Im Rahmen der DFG-Forschungsgruppe „Medizin und die Zeitstruktur guten Lebens“ wollen wir mit einem zweitägigen Workshop dazu beitragen, den Stand der gegenwärtigen Debatte zu intersektionalen Perspektiven in der Ethik der Reproduktionsmedizin im deutschsprachigen Raum abzubilden und voranbringen. Wir freuen uns auf Vorträge, in denen normalistische Konzeptionen guten Lebens und angemessener Zeitlichkeit bezüglich Fortpflanzung vergleichend diskutiert werden.

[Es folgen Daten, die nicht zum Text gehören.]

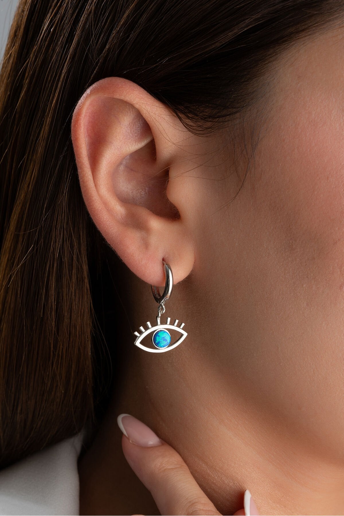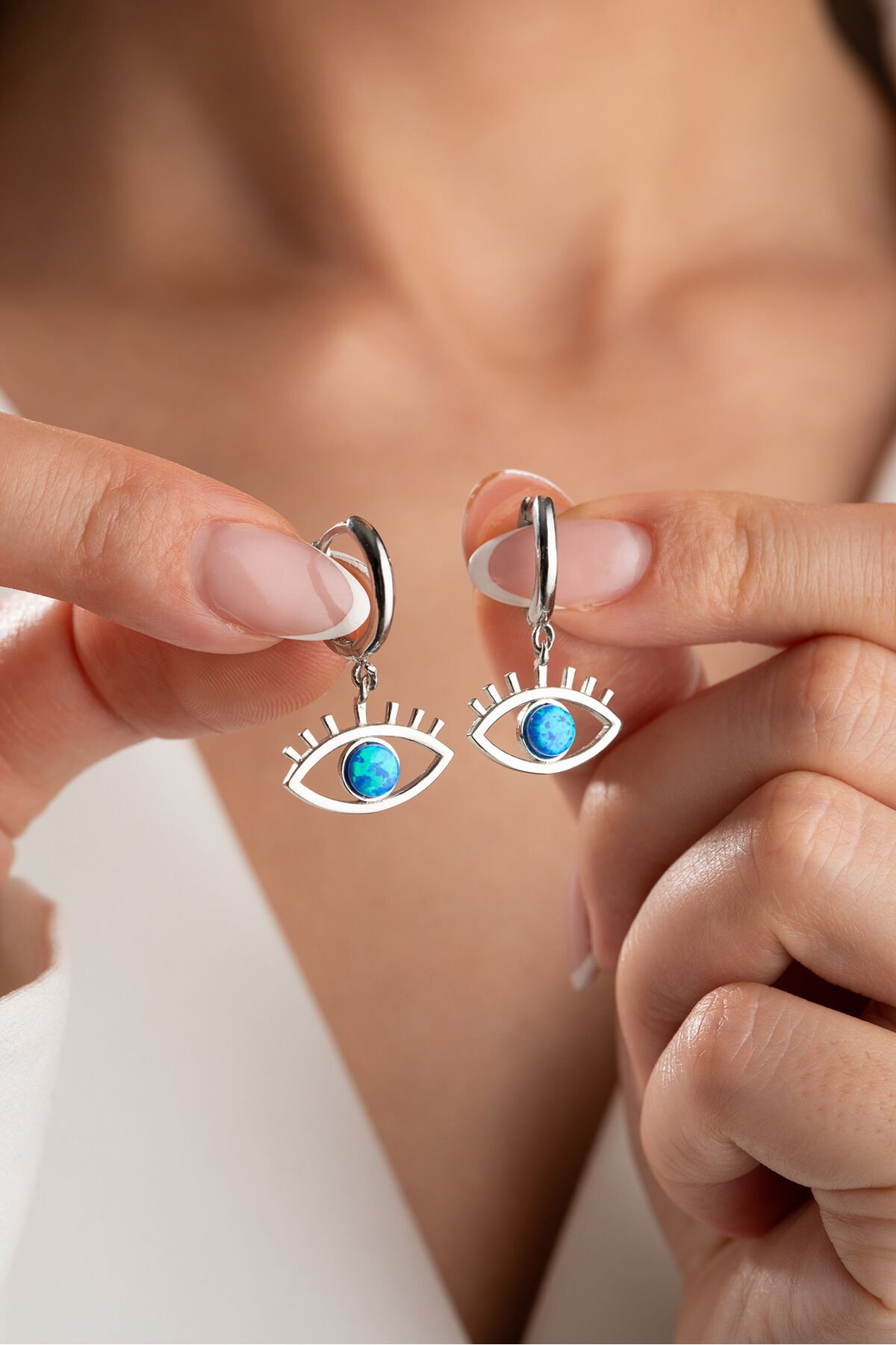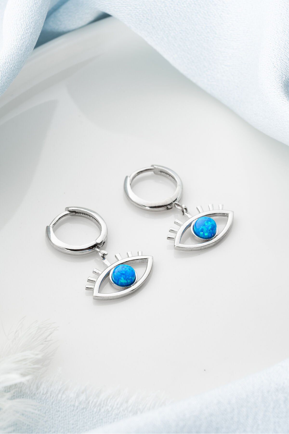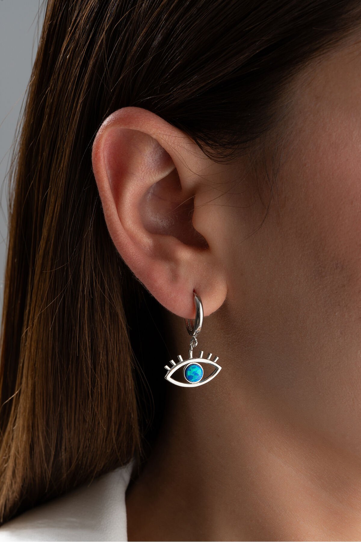 925 Ayar Gümüş Göz Opal Taşlı Küpe

Dabei sollen die Debatten in der Ethik der Reproduktionsmedizin und deren zentrale Hintergrundannahmen kritisch reflektiert werden.

Mögliche Themen und Fragestellungen sind:

  •  Kontextualisierung von Vorstellungen guten Lebens und angemessener Zeitlichkeit bezüglich Fortpflanzung entlang der Achsen von Gender, Disability, Alter, Schicht, LGBTQ+, Race/Ethnizität
  •  Die bisher in der Ethik der Reproduktionsmedizin marginalisierte Perspektive von Männern bezüglich Reproduktion
  •  Welche Grenzen hat das Konzept der Intersektionalität für das Themenfeld der Ethik der Reproduktionsmedizin?
  •  Welche Konsequenzen hat eine intersektionale Perspektive auf ethische Fragen, die sich bezüglich reproduktiver Entscheidungen von Menschen mit Behinderung ergeben sowie der Geburt eines möglicherweise behinderten Kindes?

Der Call ist bereits abgelaufen.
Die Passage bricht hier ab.